Problem description> The expected output is the full data, repeated exactly, without pictures.

Data block>
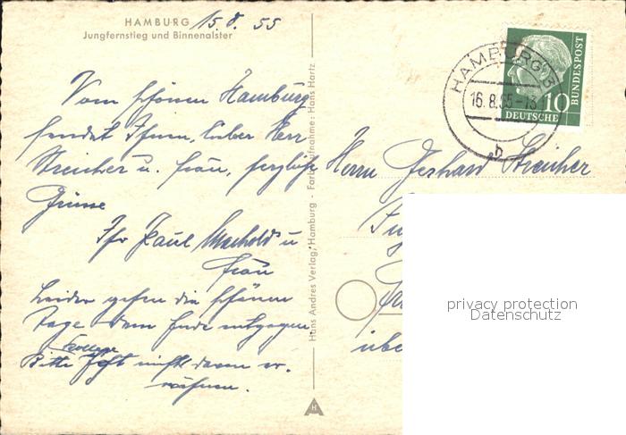 72455123 alte Postkarte HAMBURG CITY Jungfernstieg Binnenalster postalisch gelaufen Erhaltung siehe scans KatCode: 11110002000000
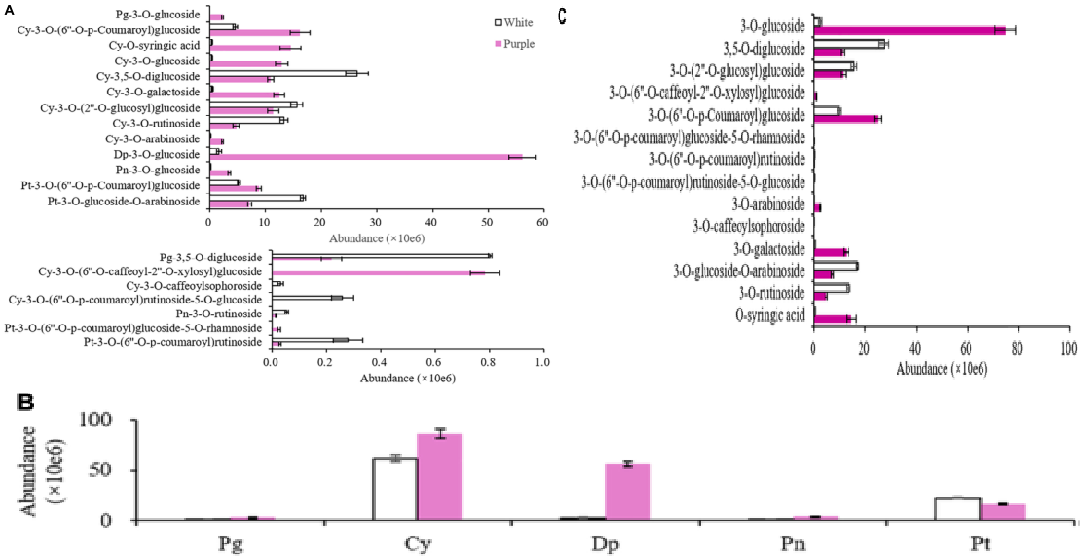 Dp只有一種糖苷形式,但它在紫色花瓣中含量豐富。紫色花瓣中的主要花色苷是delphinidin-3-O-glucoside,Cy-3-O-(6’’-O-p-coumaroyl)glucoside, ?Cy-O-syringic ?acid, Cy-3-O-glucoside和Cy-3-O-galactoside,?而在白色茶花中,則是 Cy-3,5-O-diglucoside, Pt-3-O-glucoside-O-arabinoside,? Cy-3-O-(2’’-O-glucosyl)glucoside和 Cy-3-O-rutinoside 。除苷元外,這20種花青素中的另一半含有13種糖苷和1種丁香酸(圖3C)。在白色花瓣中,花青素含量高的是3,5-O-二葡萄糖苷,而在紫色花瓣中,3-O-葡萄糖苷含量極高。因此,兩個茶樹品種之間花青素的大差異是DpG,這可能是紫色花呈紫色的主要原因,以及紫色花瓣中Dp和葡萄糖的生物合成可能已增強(qiáng)。
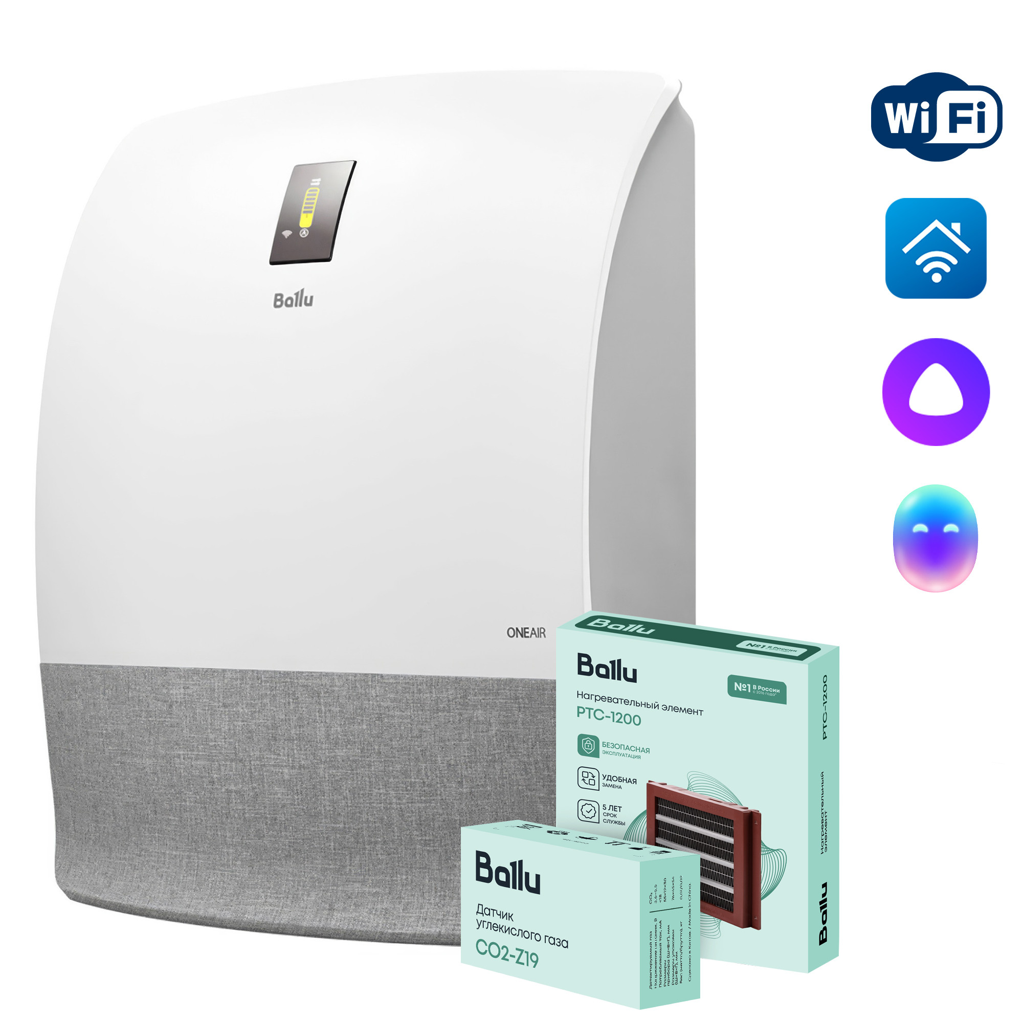 Ballu ONEAIR ASP-200SMAX – инверторный приточный очиститель воздуха с интеллектом. Передняя панель корпуса покрыта стильной и технологичной тканью, которая будет сочетаться с любым дизайнерским решением в вашем помещении. Предназначен для подачи свежего и очищенного воздуха в любые жилые помещения площадью до 75 кв.м. В комплекте высокоэффективный керамический нагревательный элемент мощностью 1200 Вт, который подогревает входящий воздух. При этом прибор эффективно работает в осенне-зимний период при температуре наружного воздуха до -40°С. Профессиональная система очистки воздуха, состоящая из 6 ступеней, устраняет 99,9% загрязнений в воздухе, поглощает неприятные запахи, обеззараживает от вирусов и бактерий. В приборе есть арома-капсула для масел, позволяющая создать индивидуальную атмосферу на любой вкус. Встроенный датчик РМ2,5 в зависимости от качества воздуха автоматически управляет интенсивностью очистки в режиме циркуляции. Датчик CO2 (в комплекте) контролирует уровень углекислого газа в помещении и автоматически управляет клапаном притока, поддерживая оптимальный уровень CO2. Прибор имеет удобный интерфейс, который обеспечивают цветной дисплей и полифонический звуковой сигнал, встроенный Wi-Fi модуль для удаленного управления прибора с мобильных устройств, пульт ДУ в комплекте.
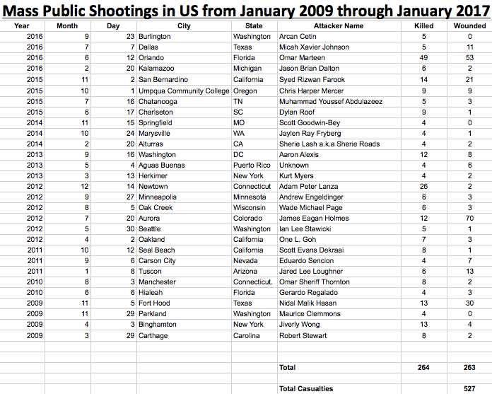 2: The number of “mass shootings” used by Mother Jones is very specifically defined and limited to mostly single shooters in a single location. That would eliminate Hebdo and the November attacks from the comparison. http://www.motherjones.com/politi…/2012/…/mass-shootings-maphttp://www.motherjones.com/politi…/2012/…/mass-shootings-map

Solution to the problem>
 72455123 alte Postkarte HAMBURG CITY Jungfernstieg Binnenalster postalisch gelaufen Erhaltung siehe scans KatCode: 11110002000000
 Dp只有一種糖苷形式,但它在紫色花瓣中含量豐富。紫色花瓣中的主要花色苷是delphinidin-3-O-glucoside,Cy-3-O-(6’’-O-p-coumaroyl)glucoside, ?Cy-O-syringic ?acid, Cy-3-O-glucoside和Cy-3-O-galactoside,?而在白色茶花中,則是 Cy-3,5-O-diglucoside, Pt-3-O-glucoside-O-arabinoside,? Cy-3-O-(2’’-O-glucosyl)glucoside和 Cy-3-O-rutinoside 。除苷元外,這20種花青素中的另一半含有13種糖苷和1種丁香酸(圖3C)。在白色花瓣中,花青素含量高的是3,5-O-二葡萄糖苷,而在紫色花瓣中,3-O-葡萄糖苷含量極高。因此,兩個茶樹品種之間花青素的大差異是DpG,這可能是紫色花呈紫色的主要原因,以及紫色花瓣中Dp和葡萄糖的生物合成可能已增強(qiáng)。
 Ballu ONEAIR ASP-200SMAX – инверторный приточный очиститель воздуха с интеллектом. Передняя панель корпуса покрыта стильной и технологичной тканью, которая будет сочетаться с любым дизайнерским решением в вашем помещении. Предназначен для подачи свежего и очищенного воздуха в любые жилые помещения площадью до 75 кв.м. В комплекте высокоэффективный керамический нагревательный элемент мощностью 1200 Вт, который подогревает входящий воздух. При этом прибор эффективно работает в осенне-зимний период при температуре наружного воздуха до -40°С. Профессиональная система очистки воздуха, состоящая из 6 ступеней, устраняет 99,9% загрязнений в воздухе, поглощает неприятные запахи, обеззараживает от вирусов и бактерий. В приборе есть арома-капсула для масел, позволяющая создать индивидуальную атмосферу на любой вкус. Встроенный датчик РМ2,5 в зависимости от качества воздуха автоматически управляет интенсивностью очистки в режиме циркуляции. Датчик CO2 (в комплекте) контролирует уровень углекислого газа в помещении и автоматически управляет клапаном притока, поддерживая оптимальный уровень CO2. Прибор имеет удобный интерфейс, который обеспечивают цветной дисплей и полифонический звуковой сигнал, встроенный Wi-Fi модуль для удаленного управления прибора с мобильных устройств, пульт ДУ в комплекте.
 2: The number of “mass shootings” used by Mother Jones is very specifically defined and limited to mostly single shooters in a single location. That would eliminate Hebdo and the November attacks from the comparison. http://www.motherjones.com/politi…/2012/…/mass-shootings-maphttp://www.motherjones.com/politi…/2012/…/mass-shootings-map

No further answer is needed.